The bloom-based filter made it possible to dedup the above dataset in 12s, and the hash-based dedup managed it in 7s. Finally, the optimized hash-based dedup which required profiling disassembling brought the timing down to a very impressive 2s.
It happened so that I used to deal with large text files in one of my jobs and I
got interested how far I can push the timing from the naive sort|uniq
without
resorting to C. Unfortunately, the author did not mention the percentage of
duplicates in the dataset but it makes a significant difference. I have assumed
40% of duplicates (which can be high or low, depending on situation) and
generated a dataset of IP addresses so that on my hardware |sort|uniq
performance roughly matches the author’s; this appeared to be 25M lines and
approximately 350MB:
$ perl -e '
> while ($i < 15000000) {
> printf("%d.%d.%d.%d\n",
> int(rand(255)),int(rand(255)),int(rand(255)),int(rand(255)));
> $i++
> }' > logs-popcount-org-15M.txt
$ head -10000000 logs-popcount-org-15M.txt >> logs-popcount-org.txt
$ time (cat logs-popcount-org.txt | sort | uniq >/dev/null)
real 1m53.781s
user 2m13.406s
sys 0m1.312s
$ time wc -l logs-popcount-org.txt
25000000 logs-popcount-org.txt
real 0m0.182s
user 0m0.137s
sys 0m0.045s
Note
|
A keen eye might spot that I am generating 15M random IP addresses but that does not mean they are going to be unique. This is a correct observation, but given that there are 4B possible IP addresses, amount of duplicates due to randomly generating octets is going to be exceedingly low. Indeed, in the above example the resulting file contained about 26k duplicates which is approximately 0.2%. I chose to ignore this for the sake of simplicity. |
So, I got a 25M lines in the file and 1m53.781s that |sort|uniq
takes is
roughly the same amount of time as in the author’s first test (2m2s). Let’s
see how much we can speed it up.
One-liner approach
The author correctly observes that de-duplication does not require dataset
sorting. Indeed the usual approach to removing duplicates in an unsorted file is
awk '!a[$0]++'
pattern. Let’s see how well it works:
$ time awk '!a[$0]++' logs-popcount-org.txt >/dev/null
real 0m21.624s
user 0m20.328s
sys 0m1.296s
Simply by switching to awk
we can quickly cut the time to just 20s (6 times faster!).
Usually, awk
is faster than perl
in dealing with such tasks, but probably
because of more efficient hash memory management, in this instance perl
lets
us shave off a few more seconds (8 times faster now, 15s):
$ time perl -ne 'print $_ unless($a{$_}++)' <logs-popcount-org.txt >/dev/null
real 0m15.344s
user 0m14.332s
sys 0m1.013s
I believe this is rather not bad for a one-liner as it is, and we are already in the vicinity of the result that the author’s bloom filter showed, but we can take few extra steps to improve the result.

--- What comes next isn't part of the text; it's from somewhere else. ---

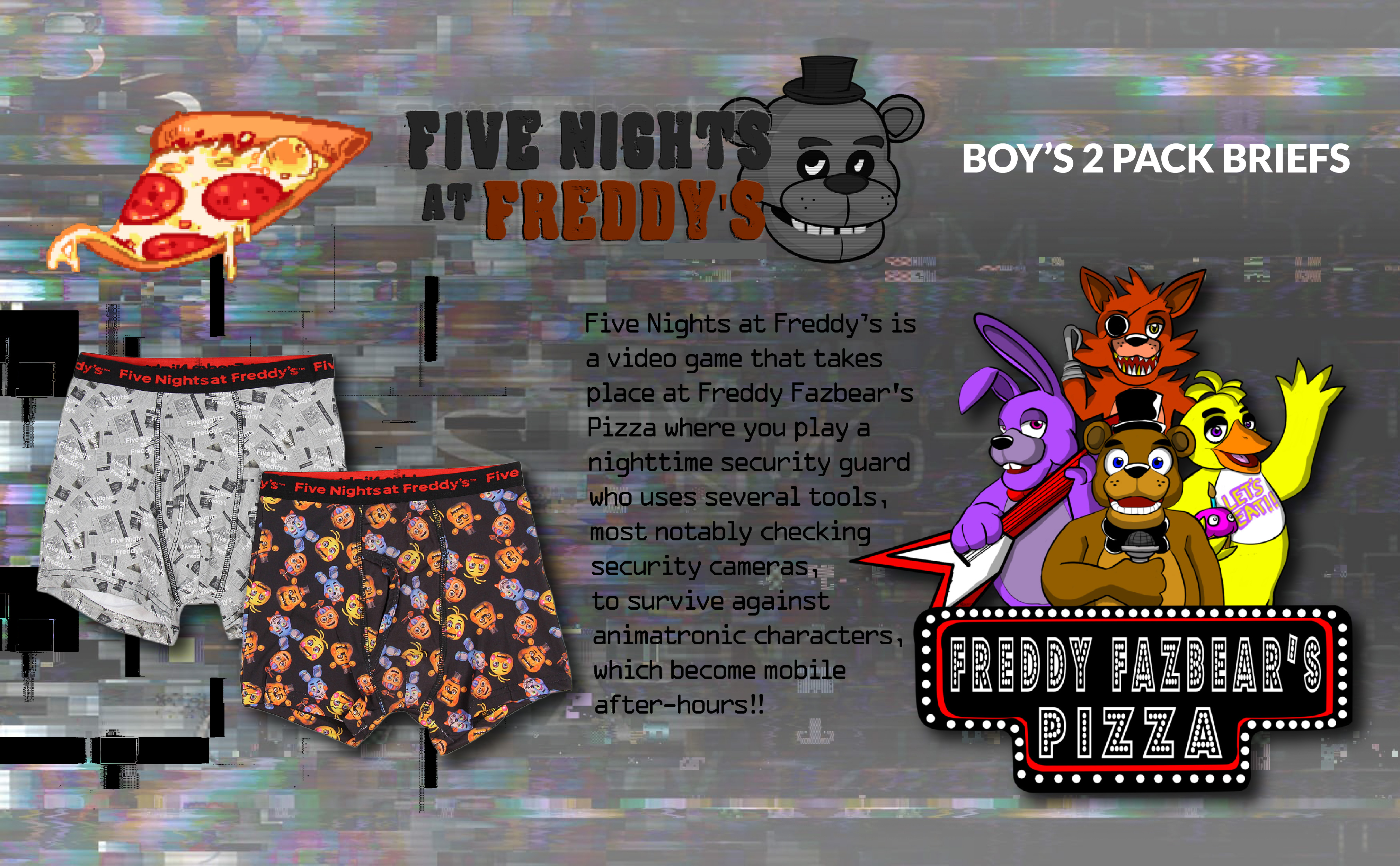 نبذة عن العلامة التجارية: Five Nights at Freddy هي لعبة فيديو تجري أحداثها في Freddy Fazbear's Pizza حيث تلعب دور حارس أمن ليلي يستخدم العديد من الأدوات، أبرزها فحص كاميرات المراقبة، للبقاء على قيد الحياة ضد الشخصيات المتحركة، التي تصبح متنقلة وقاتلة بعد- ساعات. تتميز بشخصيات: فريدي، تشيكا، بوني وفوكسي. البيجامات متوفرة بناتي واولاد.

Parallelizing de-duplication
Looking at CPU utilization, we can see that the process is CPU bound and runs on
just a single core. A natural way to share the load would be to split the file
into chunks and run uniq
in parallel for each chunk. The trick here would be
to make so that each chunk is self-sufficient, i.e. the same IP address should
not be in different chunks. A linear file reading is fast, so we can just read
the file, look at each string, determine which chunk it belongs to, and send it
to the respective uniq
process (let’s call it a worker). Important is to
have chunks well balanced so that each uniq
worker gets a roughly
equal amount of strings to process.
A tempting choice of splitting by the first character of the line (0..9
) has a
natural bias because there are more IP addresses starting with 1
and
2
than with any other number. Instead, let’s look at first 2 characters
(0..99
, the IP addresses with a single digit in the first octet will have a
dot as the second character and successfully convert to a number still) and use
a residue class to decide which worker to send it to:
$ mkfifo fifo{0..4} # create 5 named pipes to communicate with uniq workers
$ # start 5 uniq workers in the background:
$ for i in {0..4}; do
> perl -ne 'print $_ unless($a{$_}++)' >> fifo$i.txt <fifo$i &
> done
$ # read the dataset and dispatch each line to corresponding worker
$ time <logs-popcount-org.txt perl -ne '
> BEGIN{
> $wrks=5; # number of uniq workers
> # open fifos to workers and store handles in an array
> for($i=0;$i<$wrks;$i++){open($fifos[$i],">./fifo$i")}
> }
> $class=substr($_,0,2)%$wrks; # figure out residue class by first two chars of IP
> print {$fifos[$class]} $_;' # write to corresponding fifo (uniq worker)
real 0m9.518s
user 0m8.065s
sys 0m0.280s
Ok, we are 30% faster now and under 10 seconds. The above fragment creates 5
FIFOs and starts uniq
workers on them, and then runs perl
oneliner[1] that
reads lines from the file, looks at the first 2
chars of each line, determines the residue class, and sends the IP address to
the appropriate worker. We’ll need to combine resulting files, but that takes
few tens of a second:
$ ls fifo*txt
fifo0.txt fifo1.txt fifo2.txt fifo3.txt fifo4.txt
$ time cat fifo*txt > logs-popcount-org-wrk1.txt
real 0m0.482s
user 0m0.002s
sys 0m0.237s
Note
|
If the dataset fits into memory, then right after deduping all these files will be in the OS cache and concatenation can take as little as 0.1s! |
This relatively simple construct puts us ahead of bloom-based filter implementation in C! However, we still can do better.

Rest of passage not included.